How to declutter sentimental items
- Abby Rowan

- May 28, 2021
- 4 min read
We’re at week 8 of the #LYSdeclutterthon. Over the last 8 weeks, you have hopefully gone through every item in your home to consciously choose what you want to keep – instead of thinking about what you want to get rid of. You’ve hopefully honed the skill of choosing what you LOVE, made some space, or at least brought some organisation to everything that remained. So now, it’s time to address this emotion-laden category of sentimental items. Apart from wanting to enjoy them to their fullest, it is important to process your past. Done right, decluttering sentimental items, bringing loved items to forefront, and letting go of emotionally heavy reminders of the past, can be truly rewarding.
Vision
My vision for my sentimental items is to have quality, not quantity. Rather than have whole albums of photos (stored away and enjoyed rarely), I want to select my favourites and have them pride of place in my home (visible and enjoyed all the time). I want fewer ‘memory boxes’ and more moments where I spot beloved items of e.g the shelf each time I leave the bedroom. Lastly, I want it to be obvious to anyone who is in my home that is it mine as well as what is important to me.
Division
Gather all your sentimental items (or a sub-category if you have lots). You might have had some from other categories; a wedding dress is an obvious sentimental item from clothes category or you have mugs gifted from friends from the kitchen category – all these you might have postponed from that category until this category. Go get them now. Also, don’t neglect one of the most common locations for sentimental items; your parents’ house! They keep it because they think you want it and you let them keep it because you think they want it. In reality, if you went through it all you’d properly keep a couple of nostalgia-inducing items, rather than the whole box (or attic!) of arts and crafts that you fashioned as a toddler. This is your moment to free them of your sentimental items.

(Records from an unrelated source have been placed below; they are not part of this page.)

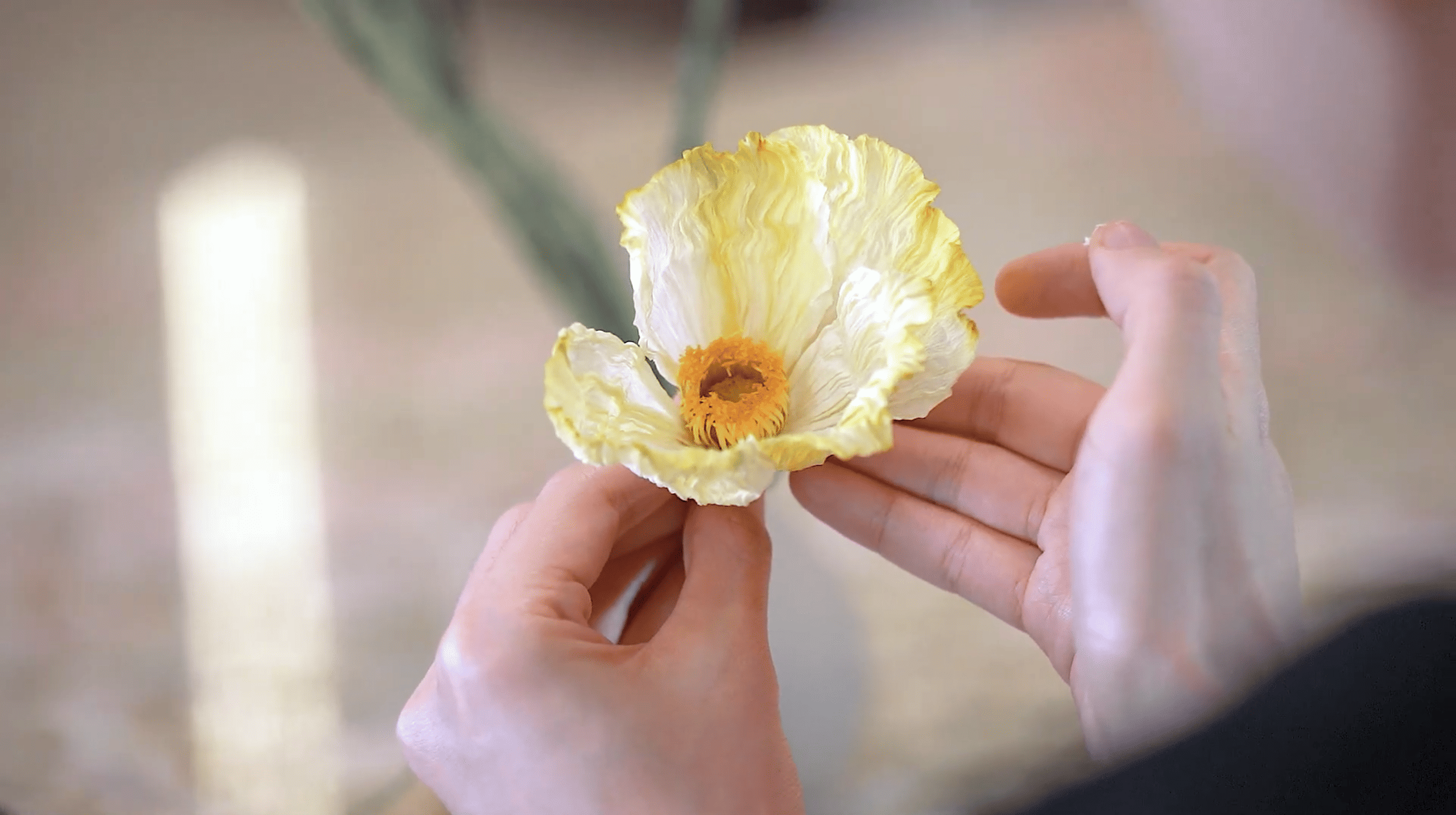 In this section, you'll learn how to create the delicate and vibrant poppy flower using crepe paper. This flower is perfect for beginners and anyone wanting to improve their skills in working with paper florals. You'll explore the essential techniques needed to bring the poppy to life, from shaping the center to assembling realistic petals and coloring for added depth. You'll also pick up helpful tips on how to handle crepe paper with confidence.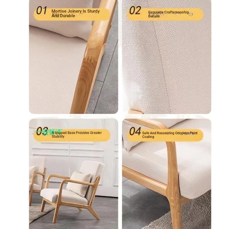 QY Modern Minimalist Nordic Fabric Leisure Removable Single Sofa for Small Spaces – Perfect for Living Rooms and Balconies with Solid Wood Table and Chair Set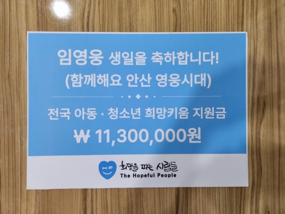 '함께해요 안산 영웅시대'는 "임영웅과 전국의 영웅시대가 펼치고 있는 선한 영향력을 이어가고자 2022년 5월부터 2023년 5월 말까지 자발적으로 모은 성금 1130만원을 임영웅 생일을 맞아 임영웅이 무명 때부터 기부했던 희망을 파는 사람들에 기탁했다"고 밝혔다.
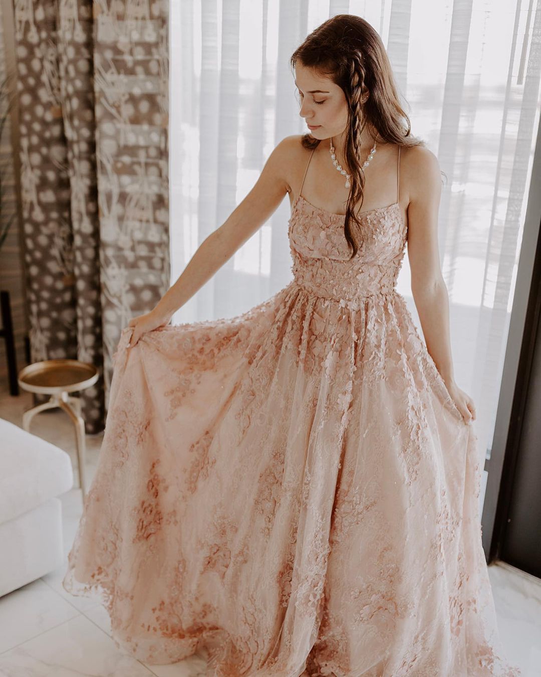 PSY585,Pink Lace A-line Long Prom Dress with Cross Back
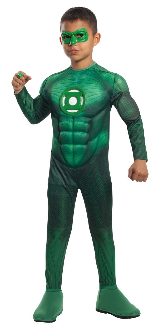 Костюм Хэла Джордана для детей - супергероя комиксов, включает в себя зеленый комбинезон с объемными мышцами груди, зеленую маску на глаза, а также зеленое кольцо силы.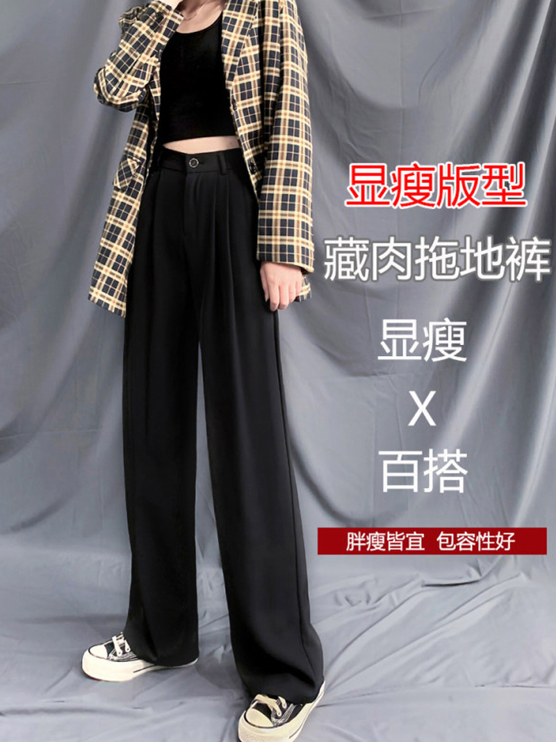 Large size high waist wide pants women's 2022 new loose straight suit pants fat sister slim casual pants
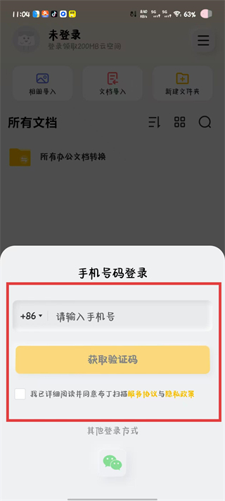 3、在登录界面中,输入要登录的手机号码,点击获取验证码。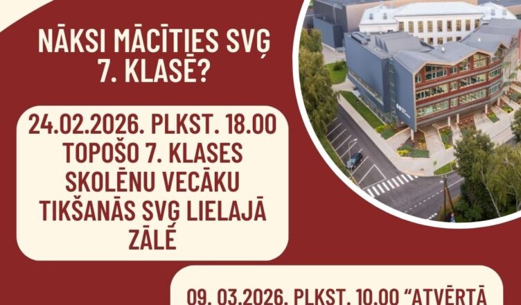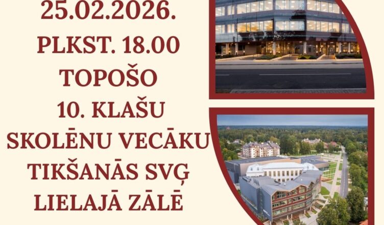 Šī gada 25. februārī plkst. 18.00 SVĢ lielajā zālē uz tikšanos aicinām topošo 10. klašu skolēnu VECĀKUS.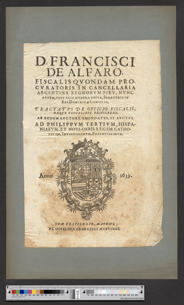 - Anno 1639. / CVM PRIVILEGIO, MATRITI, / EX OFFICINA FRANCISCI MARTINEZ.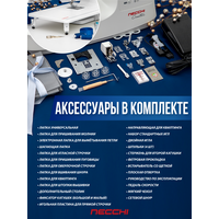 Лапки универсальная, лапка для пришивания молнии, электронная лапка для выметывания петли,шагающая лапка, лапка для атласной строчки, лапка для пришивания пуговицы, лапка для оверлочной строчки, лапка для вшивания шнура, лапка для квилтинга, лапка для штопки/вышивки, дополнительный столик, фиксатор катушек (большой и малый), игольная пластина для прямой строчки, направляющая для квилтинга, набор стандартных игл, двойная игла, шпульки (4 штуки), стержень для второй катушки, фетровая прокладка, вспарыватель со щеткой, плоская отвертка, руководство по эксплуатации, педаль скорости, мягкий чехол, сетевой шнур.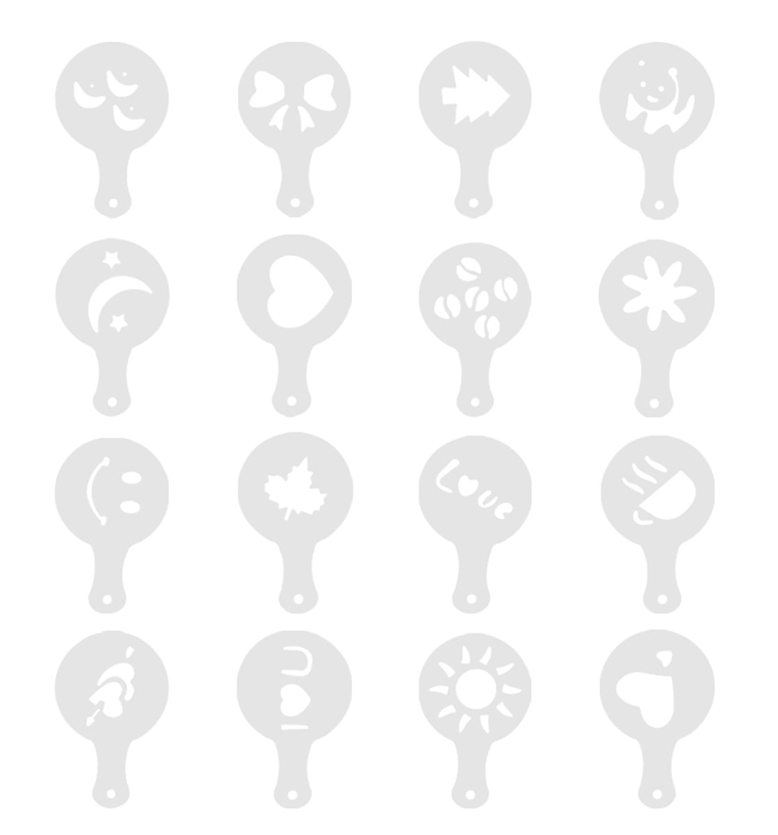 Un set de 16 șabloane reutilizabile pentru decorarea cafelei și deserturilor. Fiecare dintre șabloane este responsabil pentru o ocazie și o stare de spirit diferită, datorită cărora îți vei personaliza perfect cafeaua de dimineață sau vei străluci alături de invitații tăi ca barista profesionist :)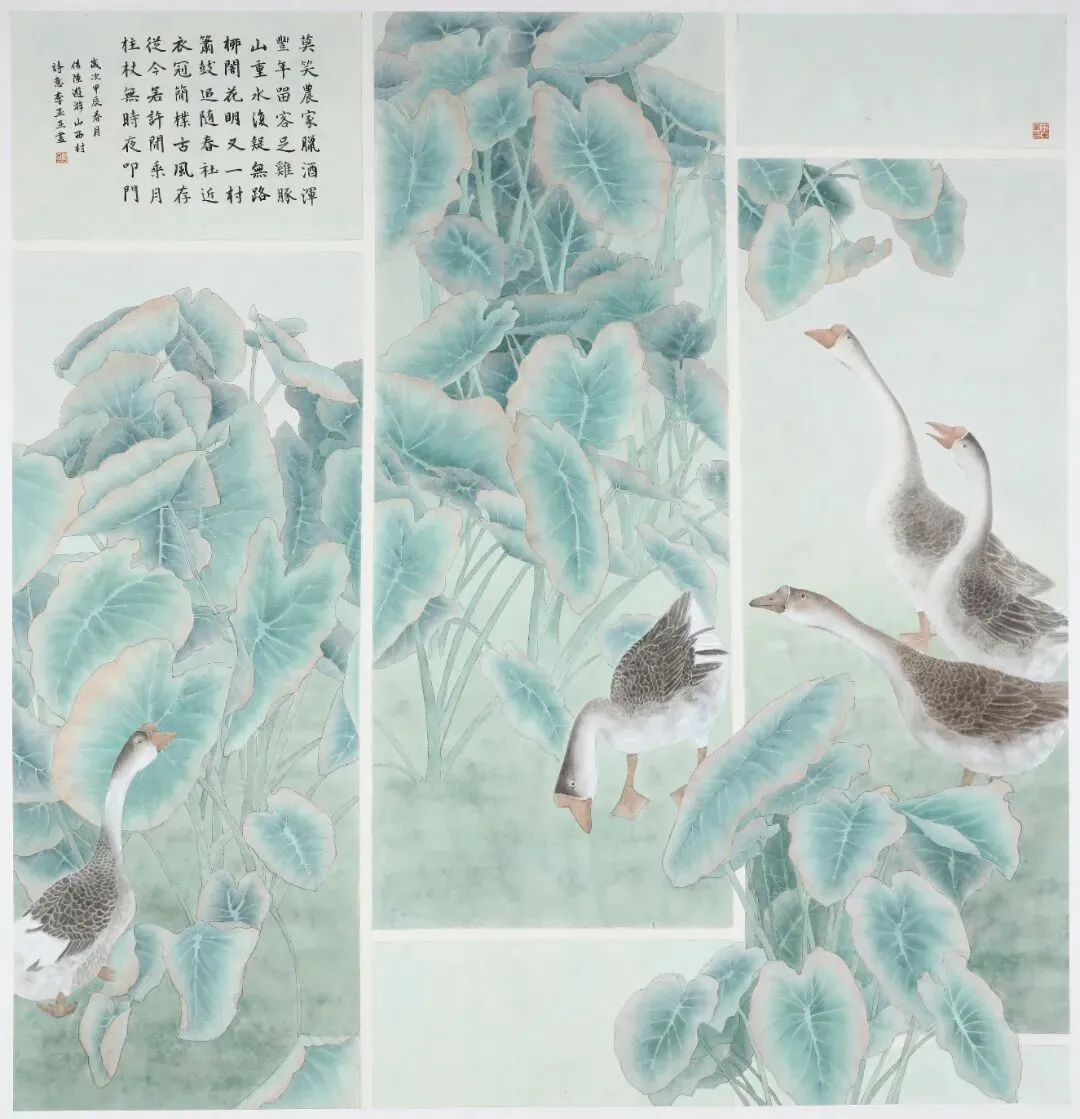 《憩栖》作品通过精细描绘“鹅”与“芋头叶”这两个富有田园特色的创作元素,展现了一幅生态宜居、风光旖旎的田园画卷。鹅在田地里觅食,芋头叶在微风中摇曳,这些细节都传达出自然与生活的和谐共融,以及对绿色生态环境的珍视。在新时代背景下,绿色环保理念深入人心,人们对美好生活的追求更加注重与自然环境的和谐共生。

As always, divide between keep and discard. The main message here is BE STRONG. Marie Kondo says “it is not our memories but the person we have become because of those past experiences that we should treasure”. You don’t have to hold on to the past to maintain the person you are now. Allow yourself to be liberated from anything that doesn’t bring back the very best of memories. And when we say the very best of memories, it’s quality, not quantity. Take photos for example. If you have 100 photos of an event in an album you never look at, you’ll rarely enjoy them. Instead, select a photo or five that truly capture the whole feeling of that event or period of your life in pride of place. The other 95 photos might be nice, but you don’t need them all to have that memory. With the best photo(s) in a lovely frame, you’ll be able to enjoy the memory regularly! You can, of course, keep photo albums. But the point here is to go through and consciously choose which ones you need in order to have the memories you want and, with that selection, can you display them so that you can enjoy them even more than if they were in an album?
Gifts are often sentimental items and people feel tremendous guilt when letting them go. Just remember that the intention of the gift wasn’t for you to possess that item for all of eternity. They wanted to show you their appreciation for you and that happened in the giving, not in what was given. To all my friends and family that have something I gave them but want to let it go; permission granted! So this is your time to get rid of the hand bag you dislike, or the scarf that’s not your colour, or the vase that isn’t your style.
Position
Now that you (hopefully) have fewer - probably very special - sentimental items, you can display them with pride or store them more easily. Bookshelves are great for little ornaments. My bathroom is now the location for two of my favourite mugs that were sentimental but that I didn’t necessarily want to drink tea from, now used as handy make-up brush storage that I get to see every day! And of the photos you’re keeping – give yourself a deadline to put your favourites in those frames you’ve bought or on the memory card of your e-frame!
LOVE
Now that you’ve sorted all your items, you can truly love your space. This is the stage most people recognise the power of a whole home decluttering. They surprise themselves at the emotional baggage they were holding on to. They feel unburdened from the feelings and thoughts that items held with them. And the beautiful memories that help us enjoy our present are front and centre.